PROBLEM STATEMENT >>
Copy out each line of the data that holds the word "Sénégal".

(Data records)
---
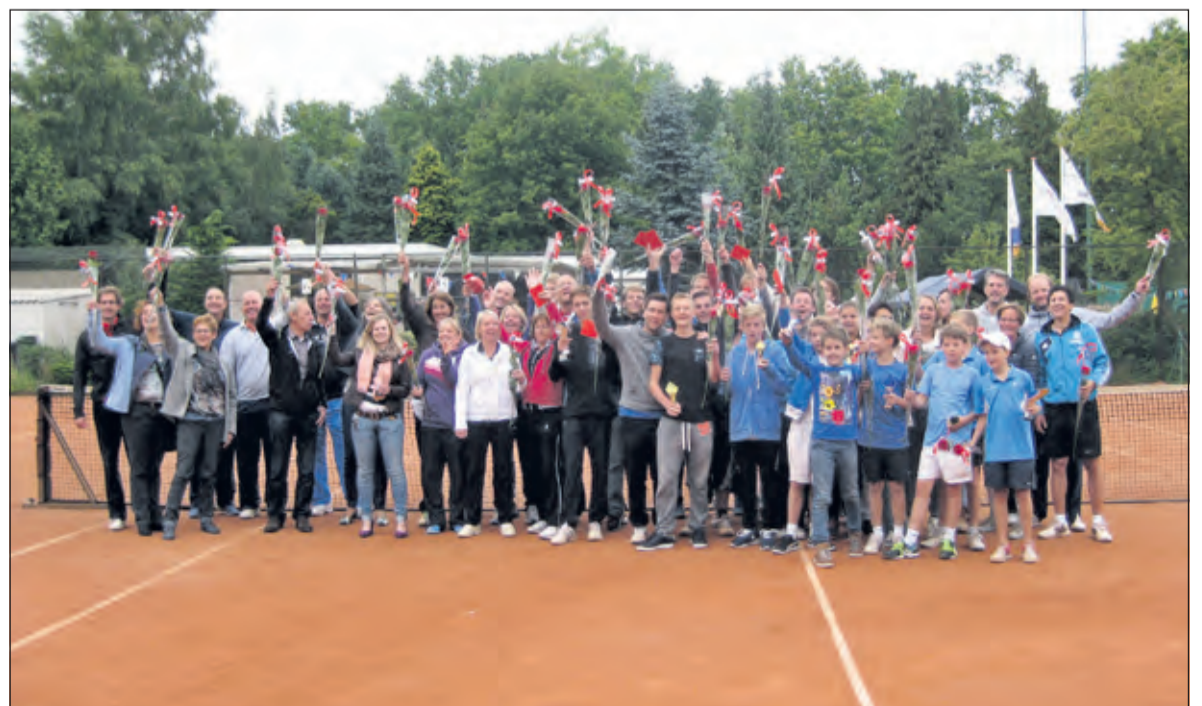
Veel winnaars bij Meijenhagen.
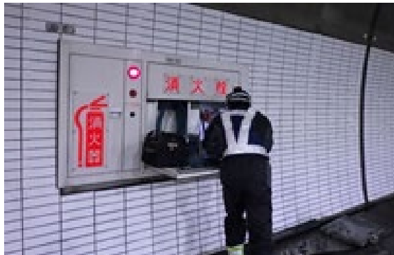
トンネル非常用設備点検
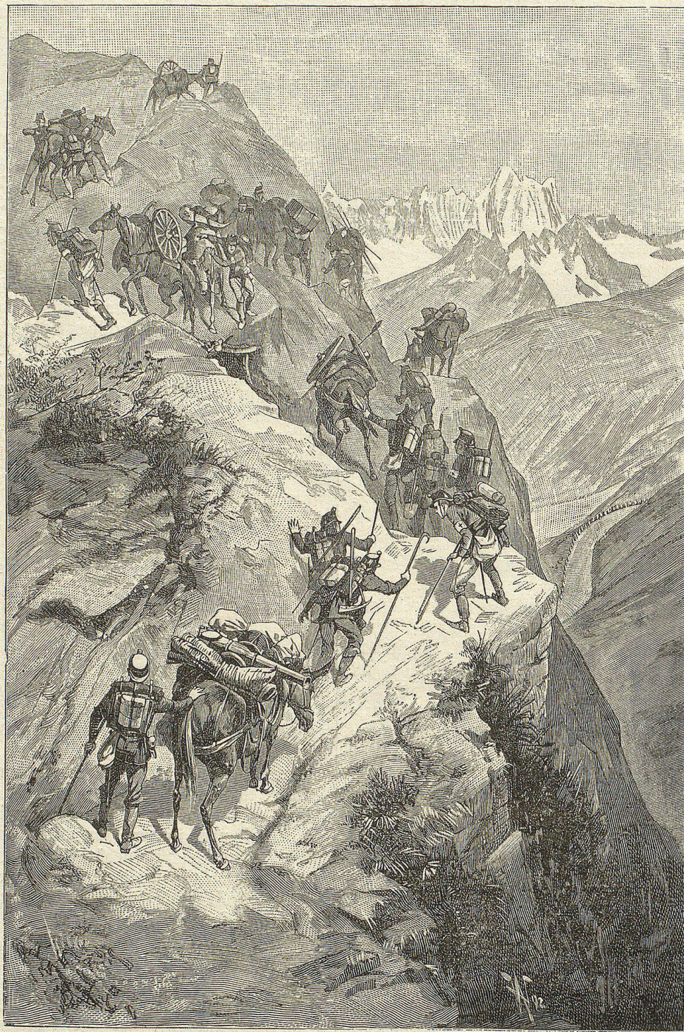
Gebirgsartillerie auf dem Marsch (Blick auf die Furkastraße).
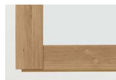
ナチュラルオーク
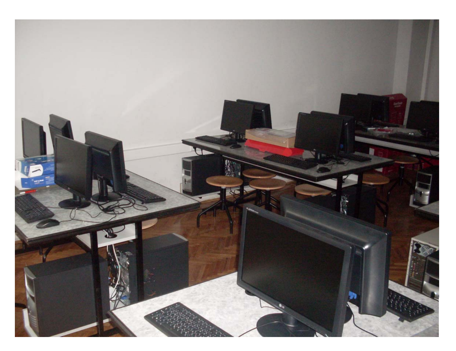
High railway School of Professional Studies
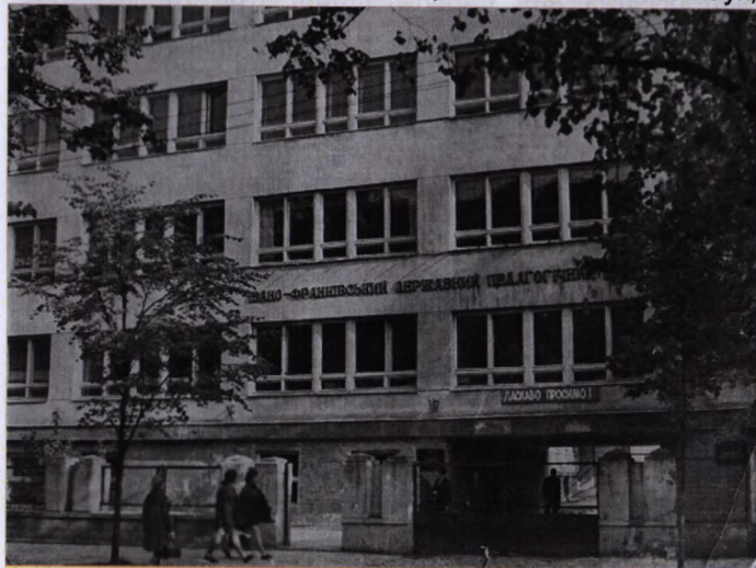
На фото: Івано-Франківський державний педагогічний інститут (1969 р.)

та російської мови і літератури розділено на окремі кафедри мови і літератури та зарубіжної літератури. 1971 на філологічному факультеті була введена спеціальність «Англійська мова». 1973 створена відповідна кафедра, а наступного року — кафедра іноземних мов. 1975 відкрито факультет іноземних мов, на якому (крім англійської) створено кафедру німецької мови.
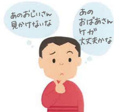
高齢者の近所のみなさん

高齢者についての心配ごと、介護での疲れや悩みなど、どんなことでも構いませんので、ご相談ください。
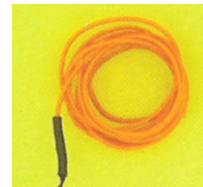
Figura 1 – Cabo electroluminescente.

alternada, que pode ser invertida para corrente contínua, com um inversor. Estes materiais servem para criar uma luz de fundo, para efeitos decorativos.
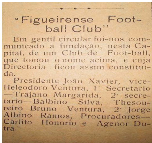
Figura 1: Fotografia do jornal “O Estado” da 1ª notícia datada de 11-07-1921

com as notícias mais importantes sobre o Figueirense nas décadas de 1920 e 1930.
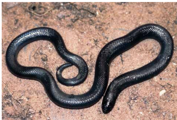
Figure 4 - Atractaspis microlepidota . Spécimen de Dielmo (Sénégal).

Onze spécimens ont été étudiés, tous provenant du Sénégal (Tableau IV). Sept spécimens (63,6 %) présentaient une proie dans leur tube digestif, mais celle-ci n'était identifiable que chez cinq spécimens (45,5%). Dans trois cas il s'agissait de crapauds Sclerophrys xeros , dans un cas du serpent Psammophis afroccidentalis Trape, Böhme & Mediannikov, 2019, ce dernier plus long que son prédateur, et dans un cas du Lacertidé Latastia longicaudata (Reuss, 1834).
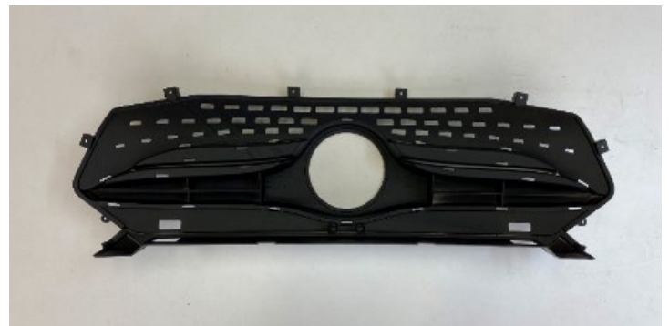
「サブスク 3D プリント」の樹脂造形物サンプル
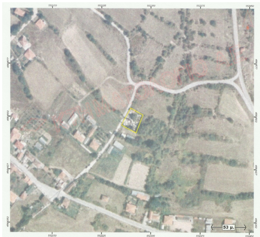
Ορθοφωτογραφία 18. Δημοτικό Κοιμητήριο Κάτω Ιωνικού
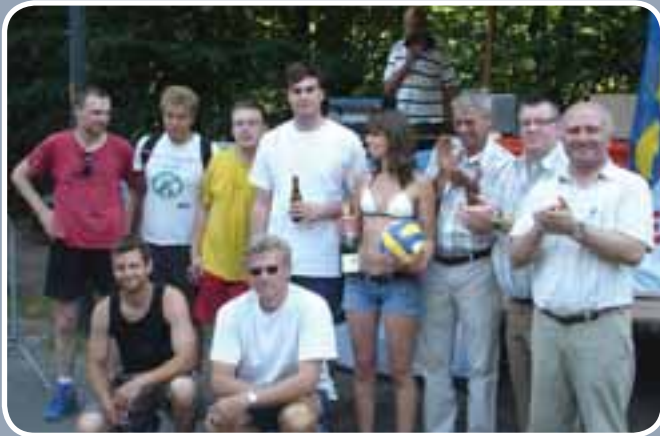
De gelegenhedsploeg 'Pino is ziek' won eind juni het volleybal-tornooi van KAVOK Overmere. Achttien ploegen namen deel.
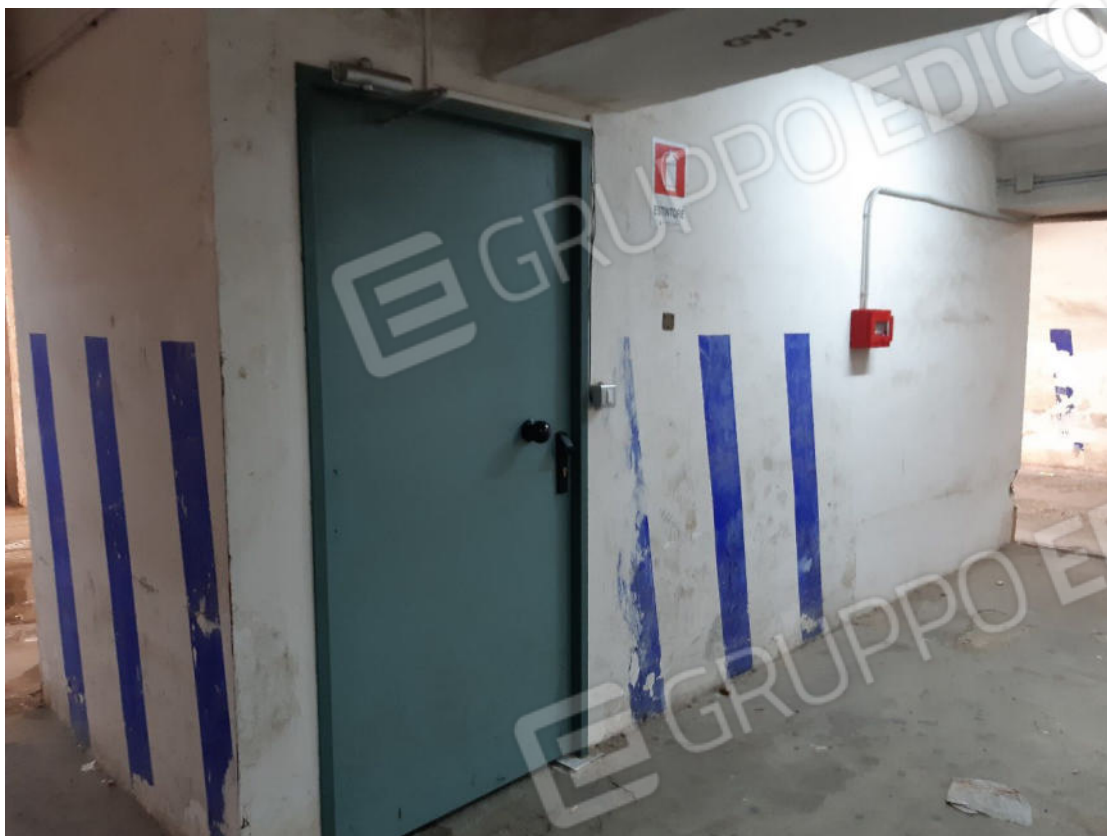
Figura 59: Accesso al piano primo sottostrada
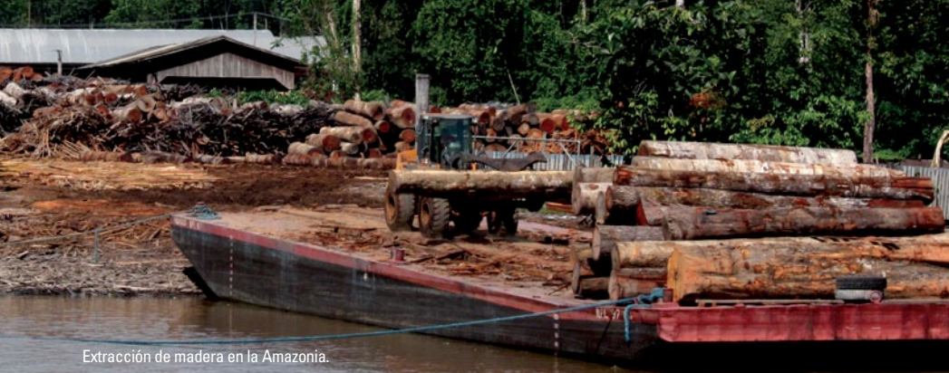
Extracción de madera en la Amazonía.
---
SOLVED PROBLEM >>
Figure 4 - Atractaspis microlepidota . Spécimen de Dielmo (Sénégal).
Onze spécimens ont été étudiés, tous provenant du Sénégal (Tableau IV). Sept spécimens (63,6 %) présentaient une proie dans leur tube digestif, mais celle-ci n'était identifiable que chez cinq spécimens (45,5%). Dans trois cas il s'agissait de crapauds Sclerophrys xeros , dans un cas du serpent Psammophis afroccidentalis Trape, Böhme & Mediannikov, 2019, ce dernier plus long que son prédateur, et dans un cas du Lacertidé Latastia longicaudata (Reuss, 1834).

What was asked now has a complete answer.